The current database use Guid for PK columns stored in char(38) columns. This is one major performance issue. Therefor I changes all PK columns from char(38) to uniqueidentifer datatype for all tables.
Determine the column that kan be set to “NOT NULL” in each table. This can be done by the following statements for the tables and columns you need to investigate:
SELECT COUNT(*) FROM <table> WHERE <column> IS NULL ;
SELECT COUNT(*) FROM <table> WHERE LEN(LTRIM(RTRIM(<column>))) = 0;
You also want to check the column datatypes in the script before importing the script to the new working database. If a column contains a number predefined values, I often run a “SELECT DISTINCT” statement for this column to check if I can chose a better datatype for the column, or just introduce a “Code table” and a foreign key in the current table. I also run a “SELECT MAX” statement to check the upper boundary for the column, to be able to make an assumption on what datatype to use for the column.
SELECT DISTINCT <column> FROM <table>;
SELECT MAX(<column>) FROM <table>;
SELECT MIN(<column>) FROM <table>;
See “Size matter” section of this post for more datatype related issues.
Make sure the constrains are in place for every table with cooresponding index. If these are not in place, every query will probably use full table scan. If you have large tables, this will kill your application.
The process of finding primary and foreign keys in the database might be time consuming if they doesn’t follow a kind of naming standard. The following script lists all constraints in a SQL server database. It works on SQL Server 2008 R2. I’m not sure of the backward compability.
SELECT OBJECT_NAME(OBJECT_ID) AS NameofConstraint, SCHEMA_NAME(schema_id) AS SchemaName, OBJECT_NAME(parent_object_id) AS TableName, type_desc AS ConstraintType FROM sys.objects WHERE type_desc LIKE '%CONSTRAINT' ORDER BY OBJECT_NAME(parent_object_id);
The result of above SQL might help you to see a pattern on the constraint naming standard and gives you a list of the existing one.

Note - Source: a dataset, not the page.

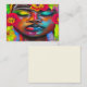 Mit dieser eleganten Notenkarte, die eine abstrakte Darstellung einer afroamerikanischen Frau in einem lebendigen Pop darstellt, lassen Sie den Tag eines Menschen verlängern. Die kühnen Farbtöne und die feinen Blumenmuster verleihen Ihren Kernbotschaften eine Touch moderner Eleganz. Diese Karte ist perfekt für jeden Anlass, um Ihre Gedanken zu äußern und einen bleibenden Eindruck zu hinterlassen.

Another approach is to go table for table and column for column. Use the following script to list tables and columns. The column column_id can often be uses to determine the PK column as well since the primary key often is the first colum that is added to a table.
SELECT a.object_id, a.name as TableName, b.column_id, b.name as ColumnName, c.name as Datatype, b.max_length, b.is_nullable FROM sys.all_objects a inner join sys.all_columns b on b.object_id = a.object_id inner join sys.systypes c on c.xtype = b.system_type_id WHERE a.type_desc = 'USER_TABLE' AND a.name LIKE '%' AND b.name LIKE '%' AND c.name like '%' ORDER BY a.name, b.column_id
Size matter in number of rows in tables and datatypes of columns in tables. The following script gives you number of rows in a user tables for the current database on SQL Server. Use the result to determine what tables to start with. Start with tables with the most rows and optimize these tables.
SELECT substring(obj.name, 1, 50) AS Table_Name, ind.rows AS Number_of_Rows FROM sysobjects AS obj INNER JOIN sysindexes AS ind ON obj.id = ind.id WHERE obj.xtype = 'u' AND ind.indid < 2 AND obj.name LIKE '%' ORDER BY obj.name
Make sure the datatype and length fits the application needs. For instance, if you have a column Type that contains integer values between 1 and 10, the datatype can be set to tinyint (SQL Server). This column will use 1 byte for each row, opposite to int (4 bytes), bigint (8 bytes). These considerations must be done for every datatype used through out the datatbase. See table below for more informations on some important datatypes in SQL Server.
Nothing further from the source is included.